── SUPPLIED MATERIAL

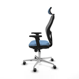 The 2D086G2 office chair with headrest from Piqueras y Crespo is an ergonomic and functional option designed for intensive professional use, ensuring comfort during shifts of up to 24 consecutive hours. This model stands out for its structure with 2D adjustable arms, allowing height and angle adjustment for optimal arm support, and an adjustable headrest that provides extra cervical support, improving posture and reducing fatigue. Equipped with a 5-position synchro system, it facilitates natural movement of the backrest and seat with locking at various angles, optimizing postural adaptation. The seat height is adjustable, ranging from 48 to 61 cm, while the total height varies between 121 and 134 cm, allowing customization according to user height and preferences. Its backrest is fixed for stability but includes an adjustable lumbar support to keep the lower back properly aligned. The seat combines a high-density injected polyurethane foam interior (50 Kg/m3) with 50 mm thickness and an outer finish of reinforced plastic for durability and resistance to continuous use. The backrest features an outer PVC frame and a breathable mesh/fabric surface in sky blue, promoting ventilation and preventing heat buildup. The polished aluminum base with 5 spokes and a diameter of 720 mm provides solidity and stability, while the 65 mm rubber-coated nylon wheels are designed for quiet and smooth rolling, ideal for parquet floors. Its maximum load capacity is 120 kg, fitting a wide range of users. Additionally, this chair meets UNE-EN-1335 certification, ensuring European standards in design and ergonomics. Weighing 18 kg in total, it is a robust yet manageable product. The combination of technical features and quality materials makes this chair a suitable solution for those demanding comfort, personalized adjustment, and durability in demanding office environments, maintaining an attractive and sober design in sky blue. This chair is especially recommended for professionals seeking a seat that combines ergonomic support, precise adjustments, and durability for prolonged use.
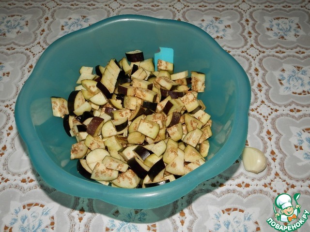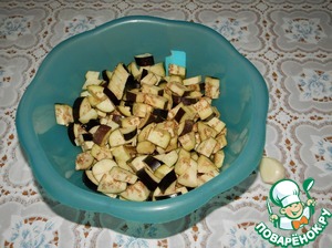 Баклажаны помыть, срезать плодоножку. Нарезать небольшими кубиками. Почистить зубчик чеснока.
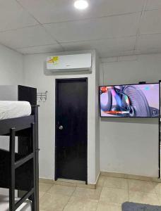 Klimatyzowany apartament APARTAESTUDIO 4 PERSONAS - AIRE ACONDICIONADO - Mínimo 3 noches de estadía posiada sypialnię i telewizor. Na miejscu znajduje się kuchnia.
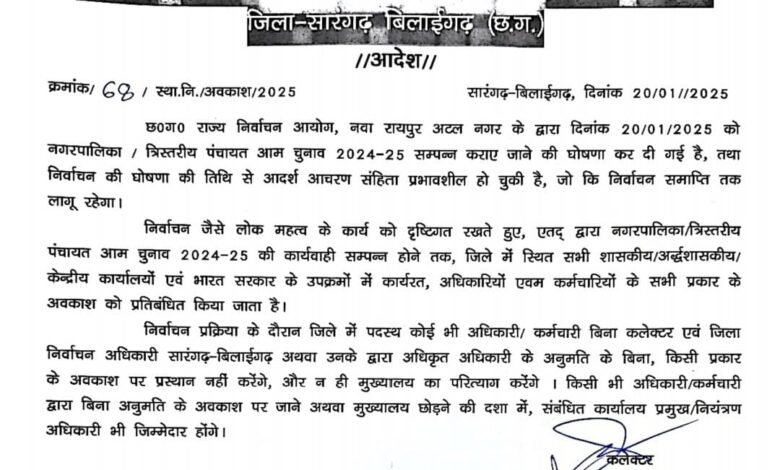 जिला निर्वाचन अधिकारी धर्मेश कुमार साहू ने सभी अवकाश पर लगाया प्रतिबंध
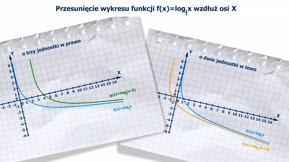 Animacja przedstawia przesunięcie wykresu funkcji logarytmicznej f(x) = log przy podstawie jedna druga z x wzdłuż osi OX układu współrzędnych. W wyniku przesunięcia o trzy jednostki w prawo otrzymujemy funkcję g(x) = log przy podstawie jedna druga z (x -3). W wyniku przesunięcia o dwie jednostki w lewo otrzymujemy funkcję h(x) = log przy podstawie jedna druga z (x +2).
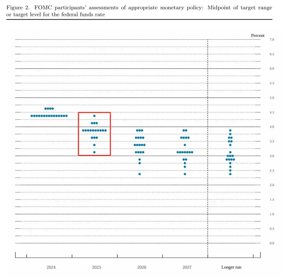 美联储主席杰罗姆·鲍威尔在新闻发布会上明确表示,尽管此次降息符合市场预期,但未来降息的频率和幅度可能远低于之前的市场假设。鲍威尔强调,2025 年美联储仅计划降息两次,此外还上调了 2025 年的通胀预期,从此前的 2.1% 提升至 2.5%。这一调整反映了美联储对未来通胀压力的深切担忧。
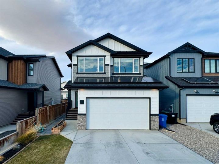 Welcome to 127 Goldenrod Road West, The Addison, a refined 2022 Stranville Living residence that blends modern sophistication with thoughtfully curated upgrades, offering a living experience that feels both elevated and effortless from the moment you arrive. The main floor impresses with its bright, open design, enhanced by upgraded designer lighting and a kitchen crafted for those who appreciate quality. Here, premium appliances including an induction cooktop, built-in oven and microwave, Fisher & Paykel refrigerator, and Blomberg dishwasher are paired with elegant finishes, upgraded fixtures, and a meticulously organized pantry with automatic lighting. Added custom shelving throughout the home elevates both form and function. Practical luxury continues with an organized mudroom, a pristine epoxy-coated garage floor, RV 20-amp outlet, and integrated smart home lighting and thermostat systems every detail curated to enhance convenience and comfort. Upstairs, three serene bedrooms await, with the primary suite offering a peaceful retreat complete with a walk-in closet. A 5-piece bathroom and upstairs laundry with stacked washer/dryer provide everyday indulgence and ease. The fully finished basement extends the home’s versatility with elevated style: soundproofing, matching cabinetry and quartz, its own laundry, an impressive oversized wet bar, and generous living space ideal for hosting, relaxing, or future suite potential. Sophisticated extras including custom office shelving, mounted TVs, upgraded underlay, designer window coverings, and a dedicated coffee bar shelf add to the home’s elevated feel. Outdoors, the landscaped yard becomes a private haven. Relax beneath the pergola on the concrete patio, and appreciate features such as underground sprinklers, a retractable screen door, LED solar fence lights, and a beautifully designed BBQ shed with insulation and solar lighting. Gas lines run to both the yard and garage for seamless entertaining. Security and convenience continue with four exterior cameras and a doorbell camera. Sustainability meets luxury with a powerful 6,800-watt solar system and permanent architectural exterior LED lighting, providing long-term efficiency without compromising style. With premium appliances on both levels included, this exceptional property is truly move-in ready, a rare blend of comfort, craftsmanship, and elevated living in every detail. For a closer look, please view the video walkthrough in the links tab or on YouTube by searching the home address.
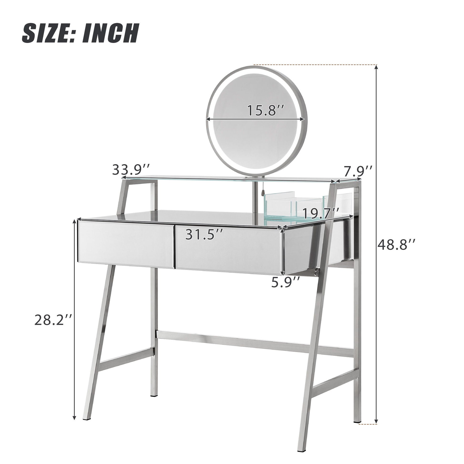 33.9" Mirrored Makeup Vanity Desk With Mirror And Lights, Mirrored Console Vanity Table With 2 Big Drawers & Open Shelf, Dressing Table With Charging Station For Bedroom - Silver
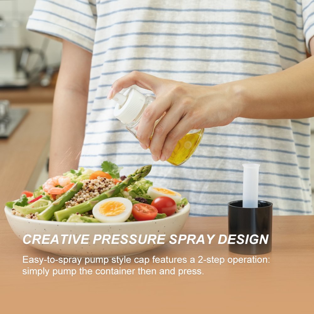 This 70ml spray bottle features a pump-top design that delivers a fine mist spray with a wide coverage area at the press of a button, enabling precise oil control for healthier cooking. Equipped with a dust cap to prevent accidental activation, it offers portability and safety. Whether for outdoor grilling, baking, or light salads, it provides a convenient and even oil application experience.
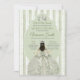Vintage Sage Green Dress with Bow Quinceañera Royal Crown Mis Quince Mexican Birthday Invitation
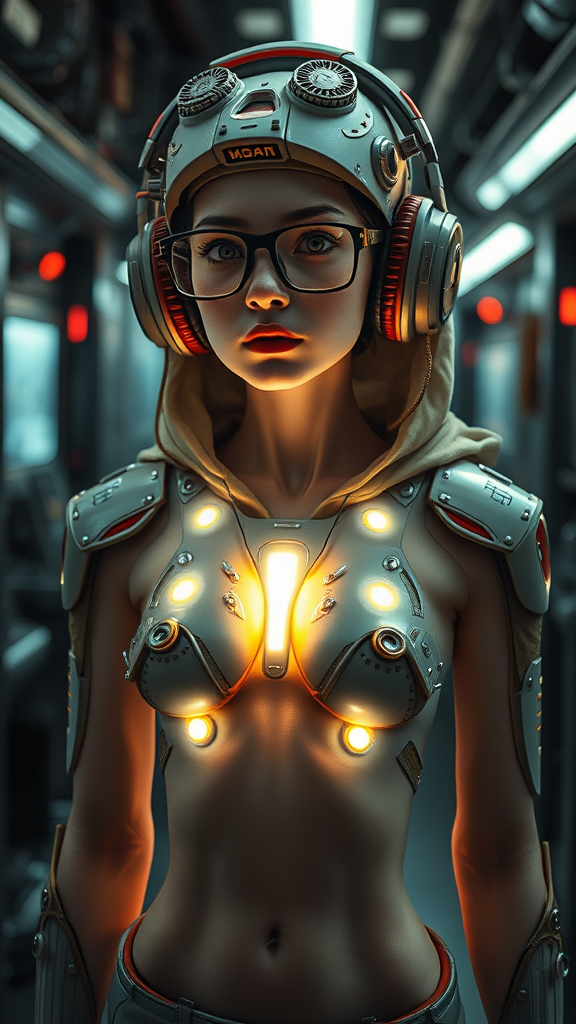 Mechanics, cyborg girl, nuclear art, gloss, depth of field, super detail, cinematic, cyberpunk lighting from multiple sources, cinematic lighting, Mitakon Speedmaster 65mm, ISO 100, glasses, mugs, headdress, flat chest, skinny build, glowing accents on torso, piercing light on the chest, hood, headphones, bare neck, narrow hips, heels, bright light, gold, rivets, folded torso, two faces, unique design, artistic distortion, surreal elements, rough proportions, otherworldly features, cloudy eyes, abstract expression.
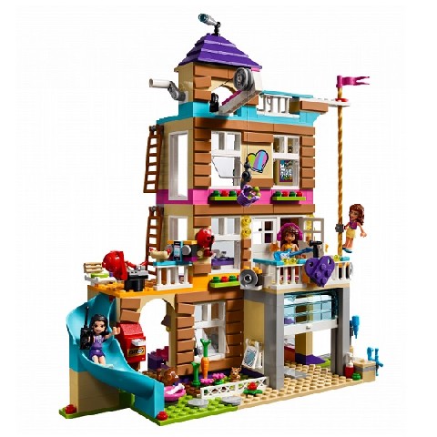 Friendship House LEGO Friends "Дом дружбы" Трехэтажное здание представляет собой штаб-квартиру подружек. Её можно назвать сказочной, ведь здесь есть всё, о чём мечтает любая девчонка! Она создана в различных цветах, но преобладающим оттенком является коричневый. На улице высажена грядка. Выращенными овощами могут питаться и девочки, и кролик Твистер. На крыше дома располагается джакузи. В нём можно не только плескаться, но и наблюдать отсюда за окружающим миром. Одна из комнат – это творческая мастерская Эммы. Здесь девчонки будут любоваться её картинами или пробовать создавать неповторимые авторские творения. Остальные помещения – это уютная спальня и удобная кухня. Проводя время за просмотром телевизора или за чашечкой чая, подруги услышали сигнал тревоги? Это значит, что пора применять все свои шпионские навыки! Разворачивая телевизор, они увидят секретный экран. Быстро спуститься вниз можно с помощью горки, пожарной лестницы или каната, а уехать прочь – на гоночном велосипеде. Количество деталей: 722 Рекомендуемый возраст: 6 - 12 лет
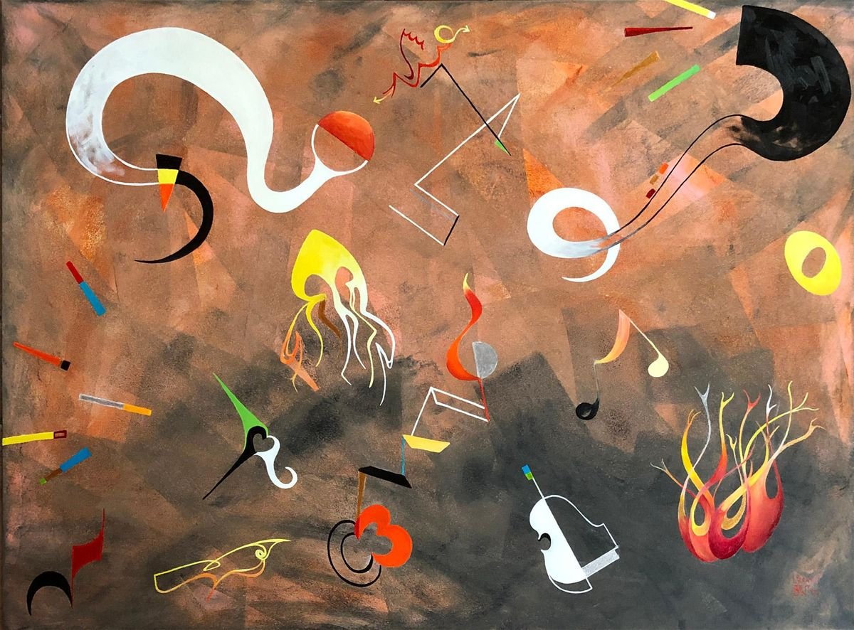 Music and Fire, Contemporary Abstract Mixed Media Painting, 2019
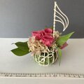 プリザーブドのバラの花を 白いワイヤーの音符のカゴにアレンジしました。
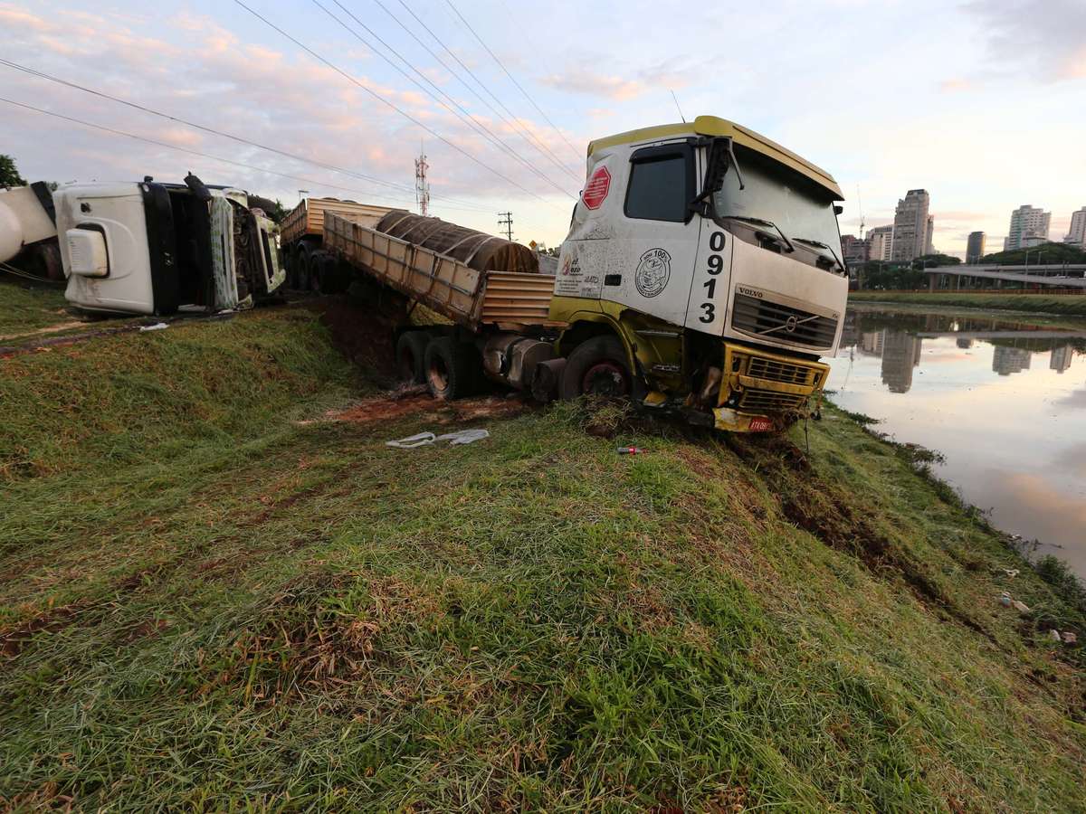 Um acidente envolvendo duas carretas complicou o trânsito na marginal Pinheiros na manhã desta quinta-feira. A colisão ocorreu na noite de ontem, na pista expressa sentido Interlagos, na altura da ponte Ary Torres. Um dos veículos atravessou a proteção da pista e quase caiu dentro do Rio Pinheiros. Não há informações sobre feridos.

────

:: ASSIGNED TASK ::
Return the listing above in full and unaltered. Keep the pictures out.

:: SOLUTION TO THIS TASK ::
 The 2D086G2 office chair with headrest from Piqueras y Crespo is an ergonomic and functional option designed for intensive professional use, ensuring comfort during shifts of up to 24 consecutive hours. This model stands out for its structure with 2D adjustable arms, allowing height and angle adjustment for optimal arm support, and an adjustable headrest that provides extra cervical support, improving posture and reducing fatigue. Equipped with a 5-position synchro system, it facilitates natural movement of the backrest and seat with locking at various angles, optimizing postural adaptation. The seat height is adjustable, ranging from 48 to 61 cm, while the total height varies between 121 and 134 cm, allowing customization according to user height and preferences. Its backrest is fixed for stability but includes an adjustable lumbar support to keep the lower back properly aligned. The seat combines a high-density injected polyurethane foam interior (50 Kg/m3) with 50 mm thickness and an outer finish of reinforced plastic for durability and resistance to continuous use. The backrest features an outer PVC frame and a breathable mesh/fabric surface in sky blue, promoting ventilation and preventing heat buildup. The polished aluminum base with 5 spokes and a diameter of 720 mm provides solidity and stability, while the 65 mm rubber-coated nylon wheels are designed for quiet and smooth rolling, ideal for parquet floors. Its maximum load capacity is 120 kg, fitting a wide range of users. Additionally, this chair meets UNE-EN-1335 certification, ensuring European standards in design and ergonomics. Weighing 18 kg in total, it is a robust yet manageable product. The combination of technical features and quality materials makes this chair a suitable solution for those demanding comfort, personalized adjustment, and durability in demanding office environments, maintaining an attractive and sober design in sky blue. This chair is especially recommended for professionals seeking a seat that combines ergonomic support, precise adjustments, and durability for prolonged use.
 Баклажаны помыть, срезать плодоножку. Нарезать небольшими кубиками. Почистить зубчик чеснока.
 Klimatyzowany apartament APARTAESTUDIO 4 PERSONAS - AIRE ACONDICIONADO - Mínimo 3 noches de estadía posiada sypialnię i telewizor. Na miejscu znajduje się kuchnia.
 जिला निर्वाचन अधिकारी धर्मेश कुमार साहू ने सभी अवकाश पर लगाया प्रतिबंध
 Animacja przedstawia przesunięcie wykresu funkcji logarytmicznej f(x) = log przy podstawie jedna druga z x wzdłuż osi OX układu współrzędnych. W wyniku przesunięcia o trzy jednostki w prawo otrzymujemy funkcję g(x) = log przy podstawie jedna druga z (x -3). W wyniku przesunięcia o dwie jednostki w lewo otrzymujemy funkcję h(x) = log przy podstawie jedna druga z (x +2).
 美联储主席杰罗姆·鲍威尔在新闻发布会上明确表示,尽管此次降息符合市场预期,但未来降息的频率和幅度可能远低于之前的市场假设。鲍威尔强调,2025 年美联储仅计划降息两次,此外还上调了 2025 年的通胀预期,从此前的 2.1% 提升至 2.5%。这一调整反映了美联储对未来通胀压力的深切担忧。
 Welcome to 127 Goldenrod Road West, The Addison, a refined 2022 Stranville Living residence that blends modern sophistication with thoughtfully curated upgrades, offering a living experience that feels both elevated and effortless from the moment you arrive. The main floor impresses with its bright, open design, enhanced by upgraded designer lighting and a kitchen crafted for those who appreciate quality. Here, premium appliances including an induction cooktop, built-in oven and microwave, Fisher & Paykel refrigerator, and Blomberg dishwasher are paired with elegant finishes, upgraded fixtures, and a meticulously organized pantry with automatic lighting. Added custom shelving throughout the home elevates both form and function. Practical luxury continues with an organized mudroom, a pristine epoxy-coated garage floor, RV 20-amp outlet, and integrated smart home lighting and thermostat systems every detail curated to enhance convenience and comfort. Upstairs, three serene bedrooms await, with the primary suite offering a peaceful retreat complete with a walk-in closet. A 5-piece bathroom and upstairs laundry with stacked washer/dryer provide everyday indulgence and ease. The fully finished basement extends the home’s versatility with elevated style: soundproofing, matching cabinetry and quartz, its own laundry, an impressive oversized wet bar, and generous living space ideal for hosting, relaxing, or future suite potential. Sophisticated extras including custom office shelving, mounted TVs, upgraded underlay, designer window coverings, and a dedicated coffee bar shelf add to the home’s elevated feel. Outdoors, the landscaped yard becomes a private haven. Relax beneath the pergola on the concrete patio, and appreciate features such as underground sprinklers, a retractable screen door, LED solar fence lights, and a beautifully designed BBQ shed with insulation and solar lighting. Gas lines run to both the yard and garage for seamless entertaining. Security and convenience continue with four exterior cameras and a doorbell camera. Sustainability meets luxury with a powerful 6,800-watt solar system and permanent architectural exterior LED lighting, providing long-term efficiency without compromising style. With premium appliances on both levels included, this exceptional property is truly move-in ready, a rare blend of comfort, craftsmanship, and elevated living in every detail. For a closer look, please view the video walkthrough in the links tab or on YouTube by searching the home address.
 33.9" Mirrored Makeup Vanity Desk With Mirror And Lights, Mirrored Console Vanity Table With 2 Big Drawers & Open Shelf, Dressing Table With Charging Station For Bedroom - Silver
 This 70ml spray bottle features a pump-top design that delivers a fine mist spray with a wide coverage area at the press of a button, enabling precise oil control for healthier cooking. Equipped with a dust cap to prevent accidental activation, it offers portability and safety. Whether for outdoor grilling, baking, or light salads, it provides a convenient and even oil application experience.
Vintage Sage Green Dress with Bow Quinceañera Royal Crown Mis Quince Mexican Birthday Invitation
 Mechanics, cyborg girl, nuclear art, gloss, depth of field, super detail, cinematic, cyberpunk lighting from multiple sources, cinematic lighting, Mitakon Speedmaster 65mm, ISO 100, glasses, mugs, headdress, flat chest, skinny build, glowing accents on torso, piercing light on the chest, hood, headphones, bare neck, narrow hips, heels, bright light, gold, rivets, folded torso, two faces, unique design, artistic distortion, surreal elements, rough proportions, otherworldly features, cloudy eyes, abstract expression.
 Friendship House LEGO Friends "Дом дружбы" Трехэтажное здание представляет собой штаб-квартиру подружек. Её можно назвать сказочной, ведь здесь есть всё, о чём мечтает любая девчонка! Она создана в различных цветах, но преобладающим оттенком является коричневый. На улице высажена грядка. Выращенными овощами могут питаться и девочки, и кролик Твистер. На крыше дома располагается джакузи. В нём можно не только плескаться, но и наблюдать отсюда за окружающим миром. Одна из комнат – это творческая мастерская Эммы. Здесь девчонки будут любоваться её картинами или пробовать создавать неповторимые авторские творения. Остальные помещения – это уютная спальня и удобная кухня. Проводя время за просмотром телевизора или за чашечкой чая, подруги услышали сигнал тревоги? Это значит, что пора применять все свои шпионские навыки! Разворачивая телевизор, они увидят секретный экран. Быстро спуститься вниз можно с помощью горки, пожарной лестницы или каната, а уехать прочь – на гоночном велосипеде. Количество деталей: 722 Рекомендуемый возраст: 6 - 12 лет
 Music and Fire, Contemporary Abstract Mixed Media Painting, 2019
 プリザーブドのバラの花を 白いワイヤーの音符のカゴにアレンジしました。
 Um acidente envolvendo duas carretas complicou o trânsito na marginal Pinheiros na manhã desta quinta-feira. A colisão ocorreu na noite de ontem, na pista expressa sentido Interlagos, na altura da ponte Ary Torres. Um dos veículos atravessou a proteção da pista e quase caiu dentro do Rio Pinheiros. Não há informações sobre feridos.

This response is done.